July 29, 2010, 4:54 PM — For the retailing industry, the adoption of radio-frequency identification (RFID) technology this decade has been one long, strange journey: Periods of irrational exuberance followed by times of great frustration and confusion; expensive pilot projects riddled with technical, standards-based and cost complexities; and a widespread belief among those retailers or CPG manufacturers that were forced into the RFID universe that it is a technology solution in search of a problem.
No one--not even Wal-Mart, which famously kicked off its crusade toward retail RFID nirvana in 2003--ever said retail RFID projects were going to be easy.
"This isn't Microsoft Office. It's not something you can put on a disk and install," says Dennis Gaughan, a managing VP in Gartner's enterprise software research team. "You're bridging the physical world and bits and all sorts of environmental considerations that impact the efficacy of the technology. There's no cookie cutter approach, like other technology deployments."

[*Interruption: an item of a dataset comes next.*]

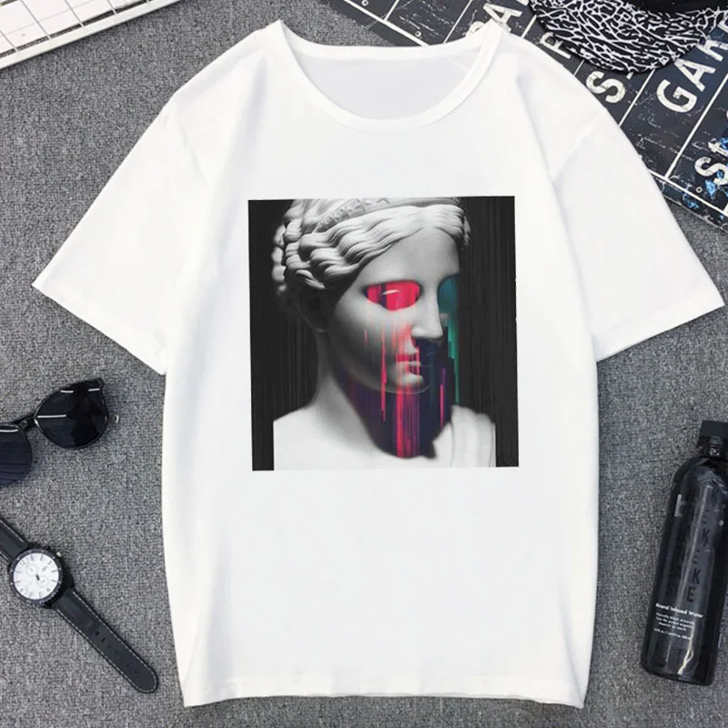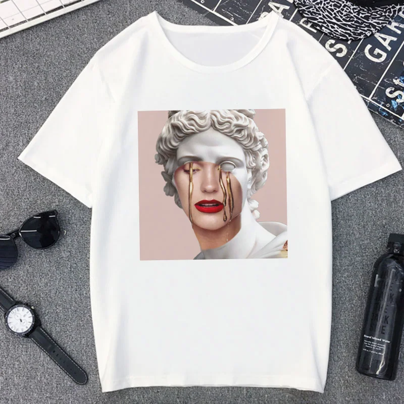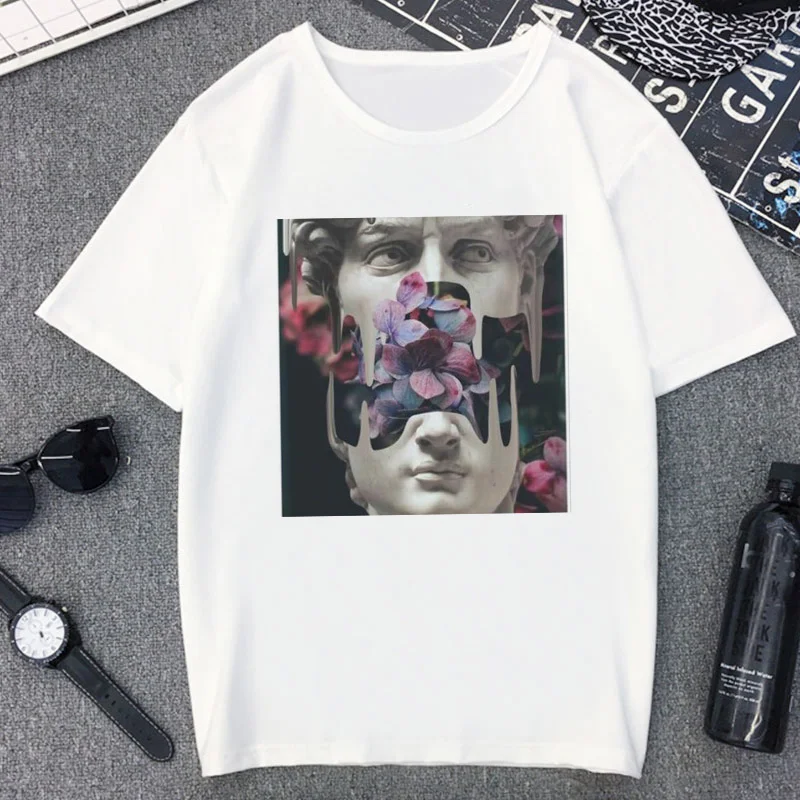 Футболка женская с изображением гигантской статуи Давида, смешная уличная одежда в стиле Харадзюку, повседневный Белый Топ, на лето

But in 2010, all that RFID hype and hard work has finally given way to targeted deployments and pockets of success. Gaughan contends that RFID is quietly making a comeback.
[ Read how RFID lead to Wal-Mart losing its IT edge and how IT departments are using RFID technology to track IT assets ]
First off, price points on tags, hardware, software and RFID expertise have become more palatable. In addition, many of RFID's infamous roadblocks--such as managing wireless signals, resolving back-end IT and supply chain integration problems, and grasping those immutable laws of physics--have been cleared.
And as they've gained greater understanding, retailers have become more precise at formulating business cases in which RFID deployments actually create true business value: making processes more efficient, cutting down on theft of high-value merchandise, and attaining insight into inventory levels never seen before.